It is difficult, however, to see exactly what objections ENS has to 'Freedom for Palestine'. It is not exactly a particularly precise formulation. Can there be anybody around, barring the most hysterical racist fringe of Zionism, who is so consciously opposed to a 'free' Palestine (however defined) that they cannot sign up to it? How much more vague can a slogan on the subject get, if one must necessarily be included in the slate (which Buckland readily accepts)?

This is not the main problem with her objection. What is implied as the correct course of action for the SWP is: 'Forget these piffling differences over imperialism! Just get something sufficiently vague in, and we can work together happily.' It is nothing less than a demand to fudge the differences, and thereby produce a fudged compromise.

Compromise will, of course, be necessary. It is clear enough that the SWP is approaching this in an arrogant and ultimatist manner. But what it must not involve is the sacrifice of precision. ENS should be prepared to march under one or two slogans that it (or, more properly, the controlling AWL faction) disagrees with. It should do this on a quid pro quo basis as far as possible. It should be prepared to operate as a minority on this question - after all, on the question of 'troops out' (now or whenever), that AWL faction is in the smallest of minorities on the student left! Getting Socialist Students on the slate would narrow that minority further. It is being ultimatist on this point, not the SWP.

And, sure, we may all snigger at the barefaced cynicism of the SWP 'rediscovering' its politics at just this time. But the simple fact that it has been consistently unprepared to fight for those politics, that it is the worst criminal of all on the charge of unprincipled fudging, does not make it any less right for it to include 'Troops out now' in its NUS platform - where it is opposing, not trying to entice, the Labourite wing. The AWL objection is illuminating, but basically irrelevant.

Don't mention the war

The question of the Iraq war is, ultimately, what lies behind the whole farrago. Leaving aside the SWP's cynicism, there is a reason why this question is such an easily exploited sore spot.

Communist Students, and student members of the CPGB before it, have consistently advocated voting for SR/SWSS - among others - over ENS. And we have done so because ENS has not adopted a position calling for an immediate end to the occupation of Iraq and Afghanistan. Comrade Buckland implies that there are more important things for the student left to sort out than a line on Iraq, but this is misplaced. It relies on the abstraction of student politics from politics as a whole, and also the rather dubious manner in which the AWL tackles, theoretically and politically, the issue of imperialism.

Yes - imperialist wars in Iraq and Afghanistan, and the increasing likelihood of an air strike on Iran, are the basic issues facing the left today. It is immensely important that slogans are functional and precise on this issue.
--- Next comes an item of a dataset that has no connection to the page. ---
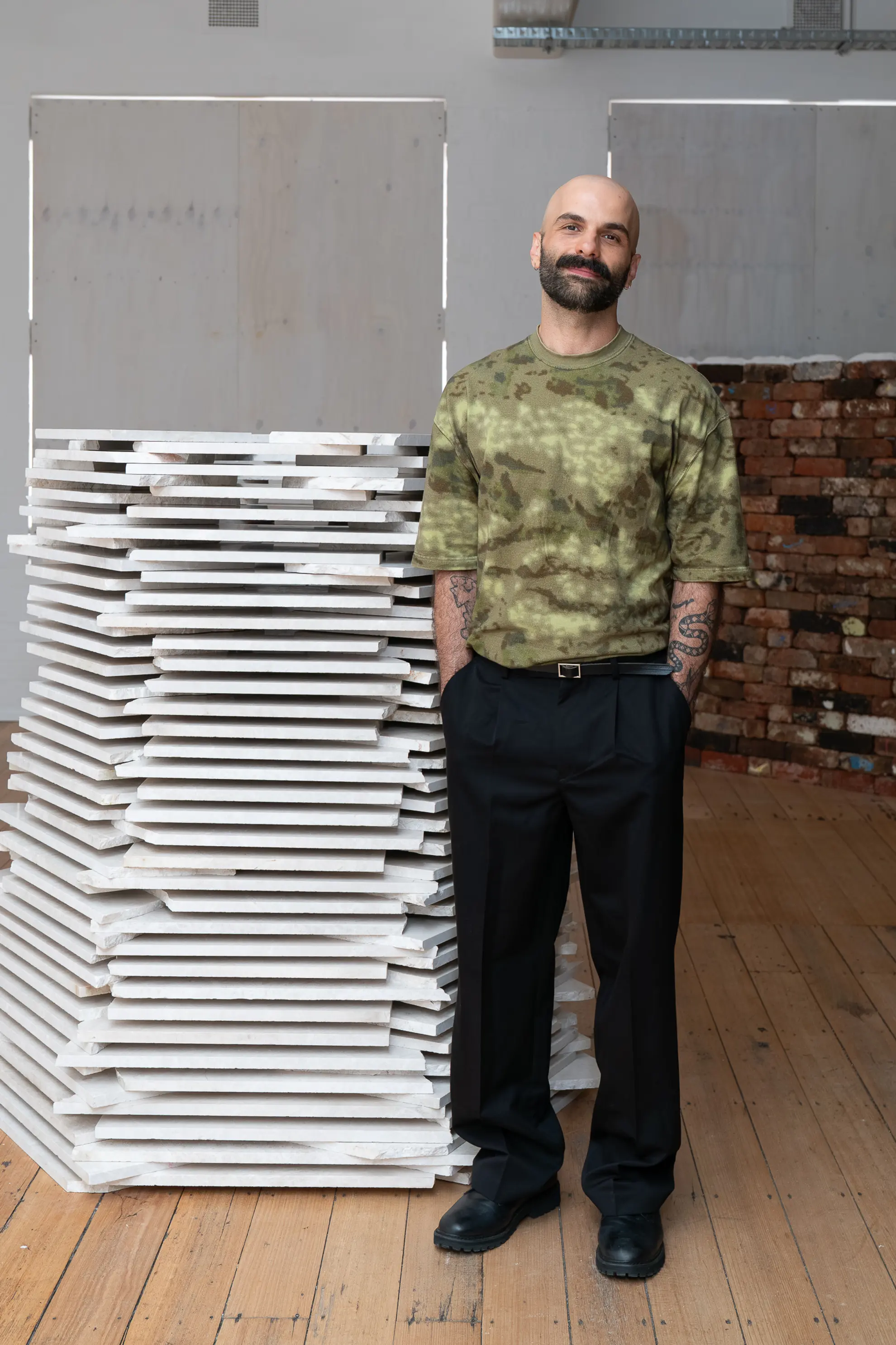 Zand’s decision to use marble was intentional; a decision to veer away from the colonial logics of extracting local materials on stolen land. Yet the off cuts he chose to use were of marble imported from Greece, Italy and elsewhere brought here to make luxury benchtops for kitchens and bathrooms. In a very literal sense, they are the vestiges of a process that enacts colonialisms through the act of making home. We discussed the vestigial status of these offcuts as a contrast to the figurative classical statuary and all the civilisational baggage they have come to acquire. In antiquity the Greeks colourfully painted their sculptures, but those muscles and veins were scrubbed back to pale stone bodies, sanitised for display in museums in the Enlightenment.
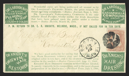 93 c 65 Image#65, 3c Rose, single tied by bold fancy negative five point star cancel to all-over cough syrup advertising cover in green to Rochester, N.Y., matching "Boston/Mass./Apr 18" datestamp alongside, slightly reduced at right, very fine and attractive; 2011 PF certificate. (Image) Est. $300-400

If ENS gets its way on this, we will end up either with no position at all on this pivotal, globally significant question or - what amounts to the same thing - with a statement of 'opposition' to the Iraq occupation so vague that it finds it perfectly permissible not to call for it to end!

Dissent, on this point as any other, should not be suppressed in any student left alliance. AWL members should be able to voice, openly, their reservations about this policy or any other. But there is an element of action here too. NUS executive members will be required to draft statements, to organise contingents on marches and so on. These things will have to be decided sooner or later.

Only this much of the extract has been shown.